Evolve SDK

Run terminal-based AI agents in secure sandboxes with built-in observability.

Repo: https://github.com/evolving-machines-lab/evolve — cookbooks in cookbooks/, skills in skills/

SDK Choice

Language	Package	Syntax Reference
TypeScript	`@evolvingmachines/sdk`	references/typescript.md
Python	`evolve`	references/python.md

Both SDKs are functionally identical. Choose based on application language.

Quick Start

bash

# TypeScript
npm install @evolvingmachines/sdk

# Python
pip install evolve-sdk

Core Concepts

1. Evolve (Single Agent)

For single-agent tasks with multi-turn conversations.

code

Evolve → run() → getOutputFiles()

Key capabilities:

•Agent configuration (type, model, reasoning effort)
•Skills (pdf, docx, pptx, etc.)
•Composio integrations (GitHub, Gmail, Slack, etc.)
•MCP servers for custom tools
•Structured output via schema
•Context/files upload, session management

2. Swarm (Parallel Agents)

For parallel processing with functional abstractions.

Operation	Type	Description
`map`	transform	Process items in parallel → outputs
`filter`	gate	Evaluate items, condition decides pass/fail
`reduce`	synthesize	Many items → single output
`best_of`	select	N candidates → judge picks winner

When to use:

•map: Batch processing (analyze 100 docs)
•filter: Quality gates (keep only critical items)
•reduce: Synthesis (combine into report)
•best_of: Quality (run 3 agents, pick best)

3. Pipeline (Chained Operations)

Preferred API for most workflows.

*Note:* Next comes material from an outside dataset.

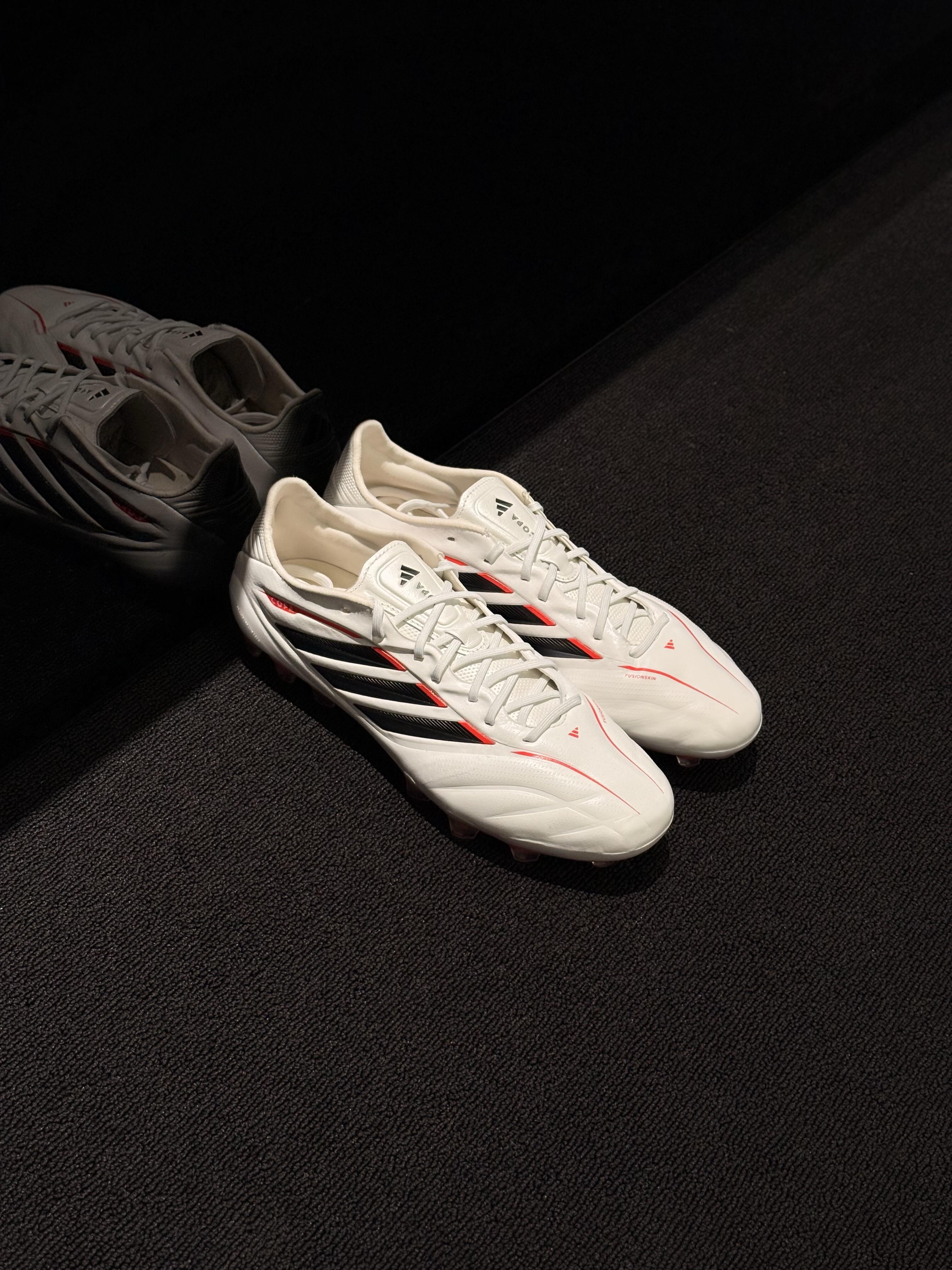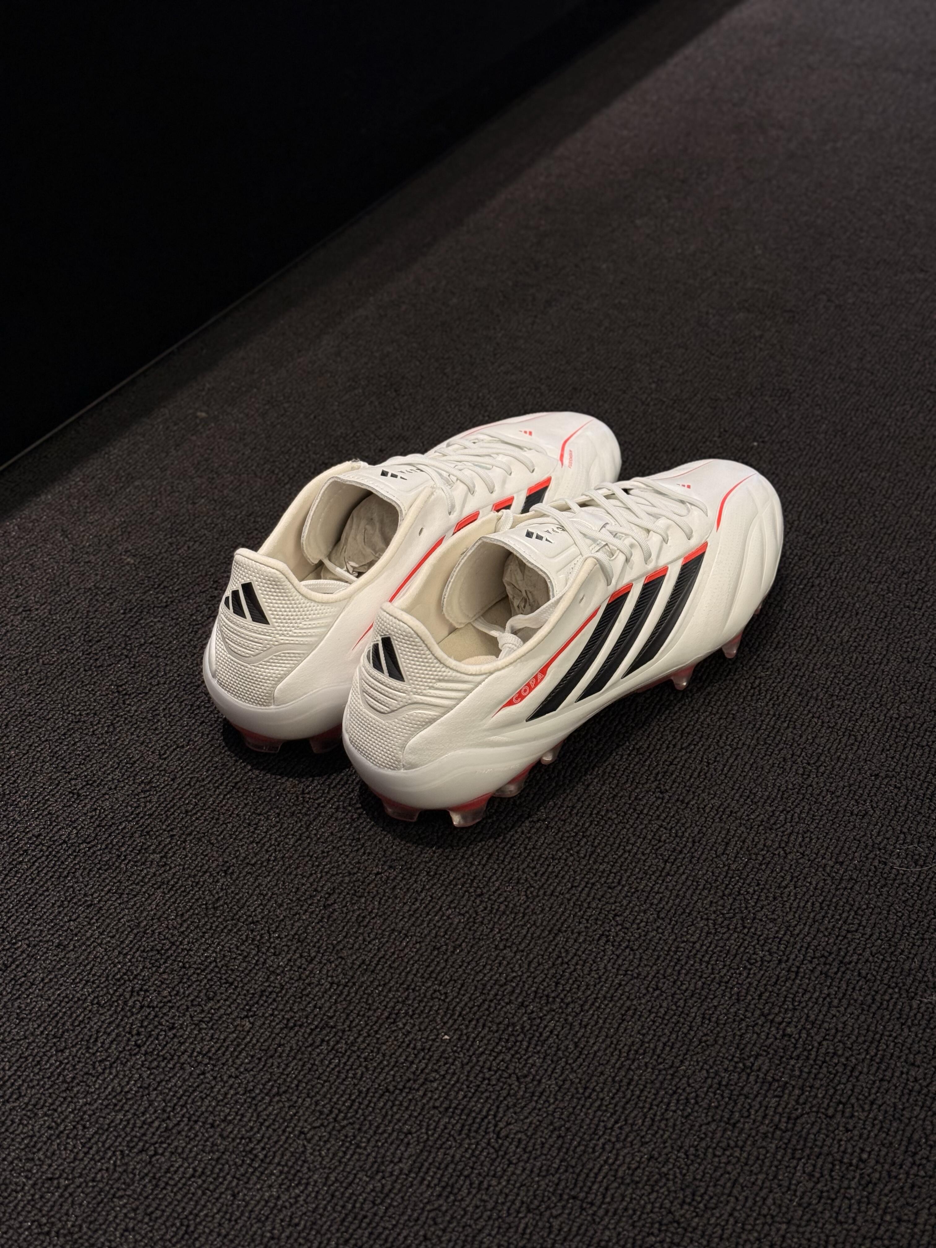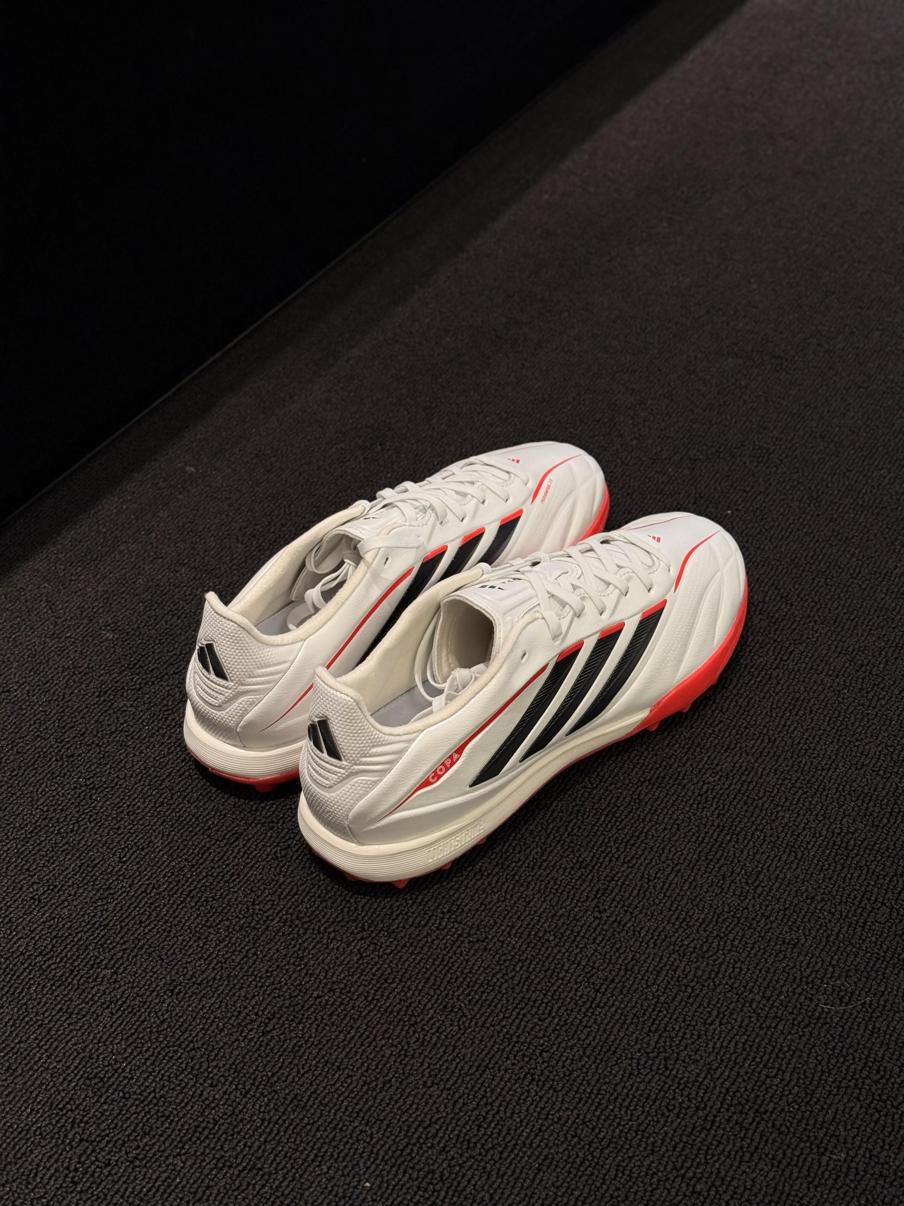 绿茵掌局,气场全开!阿迪达斯COPA白红战靴重磅登场😎 干净利落的白红撞色,经典又吸睛,上脚直接拉高全场颜值。 专为控球打造的鞋面质感,触球清晰、发力干脆,一脚触球即掌控全场节奏⚽ 无论是盘带、传球还是射门,都能给你稳稳的支撑与反馈,球场表现直接拉满。 颜值与实力双在线,实战党与颜值党都能狠狠爱住! 球场想要更出彩,这双COPA别错过,快来冲吧

Fluent, readable, reusable.

code

Pipeline → .map() → .filter() → .reduce() → .run()

Reusable across different data batches.

Pipeline vs standalone Swarm calls:

•Use Pipeline for chains (map → filter → reduce) - cleaner API
•Use Swarm.bestOf() only for standalone best-of-N on single item (not available as pipeline step)

Pipeline restrictions:

•best_of only available as option within .map({ bestOf }), not as standalone step
•.reduce() is terminal - no steps after

Authentication

API keys auto-resolve from environment variables.

Mode	Setup	Included
Gateway	`EVOLVE_API_KEY`	E2B, browser-use, tracing
BYOK	Provider key + `E2B_API_KEY`	Direct provider access
Claude Max	`CLAUDE_CODE_OAUTH_TOKEN` + `E2B_API_KEY`	Use existing subscription
Codex	`CODEX_OAUTH_FILE_PATH` + `E2B_API_KEY`	Use existing subscription
Gemini	`GEMINI_OAUTH_FILE_PATH` + `E2B_API_KEY`	Use existing subscription

Note: In Gateway mode, EVOLVE_API_KEY is automatically injected into this sandbox by the parent Evolve process. The SDK picks it up from the environment—no manual configuration needed.

Gateway Mode

bash

# .env
EVOLVE_API_KEY=sk-...

code

Evolve().withAgent({ type: "claude", apiKey: EVOLVE_API_KEY })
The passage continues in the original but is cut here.